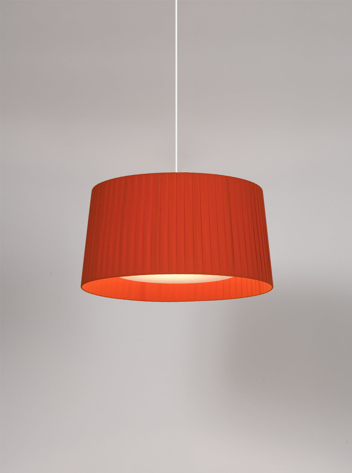 Designed for intermediate volumes and household areas, GT5 and GT6 are hanging lamps with ribboned shades whose mere presence imbues a room with character. Santa & Cole advocates the use of ribboned shades to dress up every kind of light source, exploring different materials and playing with colours and hues.
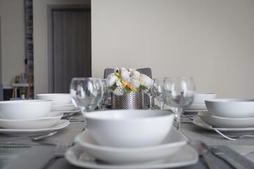 Haus bietet Platz für 6 Gäste. Die Betten sind in Schlafzimmern, die es 3 gibt, innerhalb einer Gesamtfläche von 90m2, angeordnet. Die Gäste haben eine eigene Terrasse zur Verfügung, auf der sie in warmen Sommernächten genießen können. Für vollen Genuss und Entspannung gibt es einen privaten Grill für Gäste dieser Unterkunft. Während ihres Aufenthalts können sich Gäste im privaten Schwimmbad entspannen. In der gebuchten Unterkunftseinheit zahlt man am Ort ein Depositum ( der Preis ist an der Internetseite angeführt ).
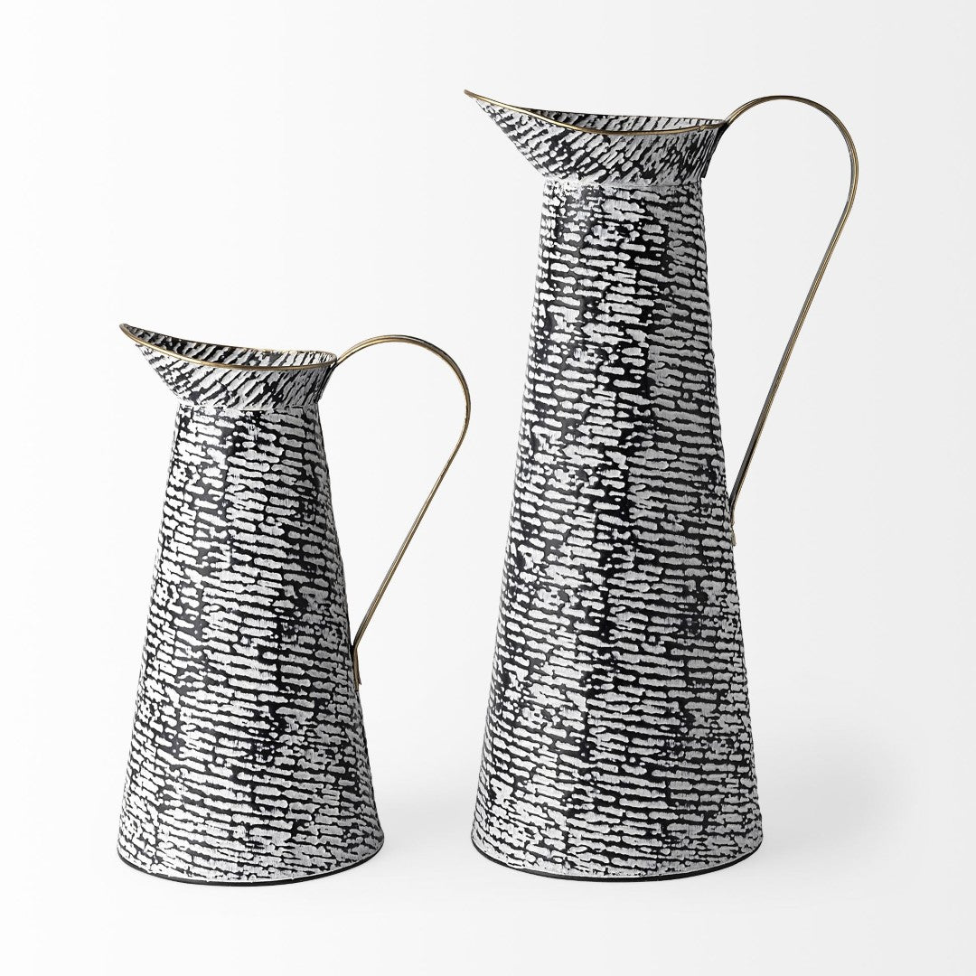 Brighten any room with the Colette small patterned vase — a striking blend of classic country charm and contemporary simplicity. Its black-and-white motif and metal construction give it a versatile silhouette that complements Modern Farmhouse, French Country, Hamptons, Mediterranean, and other relaxed styles. Use it as a standalone accent on a console or mantel, or pair it with fresh or dried florals to create a refined focal point.

- _Instructions to follow_: When you repeat the data, keep it exact and drop every picture.

- _Written answer_:
 Designed for intermediate volumes and household areas, GT5 and GT6 are hanging lamps with ribboned shades whose mere presence imbues a room with character. Santa & Cole advocates the use of ribboned shades to dress up every kind of light source, exploring different materials and playing with colours and hues.
 Haus bietet Platz für 6 Gäste. Die Betten sind in Schlafzimmern, die es 3 gibt, innerhalb einer Gesamtfläche von 90m2, angeordnet. Die Gäste haben eine eigene Terrasse zur Verfügung, auf der sie in warmen Sommernächten genießen können. Für vollen Genuss und Entspannung gibt es einen privaten Grill für Gäste dieser Unterkunft. Während ihres Aufenthalts können sich Gäste im privaten Schwimmbad entspannen. In der gebuchten Unterkunftseinheit zahlt man am Ort ein Depositum ( der Preis ist an der Internetseite angeführt ).
 Brighten any room with the Colette small patterned vase — a striking blend of classic country charm and contemporary simplicity. Its black-and-white motif and metal construction give it a versatile silhouette that complements Modern Farmhouse, French Country, Hamptons, Mediterranean, and other relaxed styles. Use it as a standalone accent on a console or mantel, or pair it with fresh or dried florals to create a refined focal point.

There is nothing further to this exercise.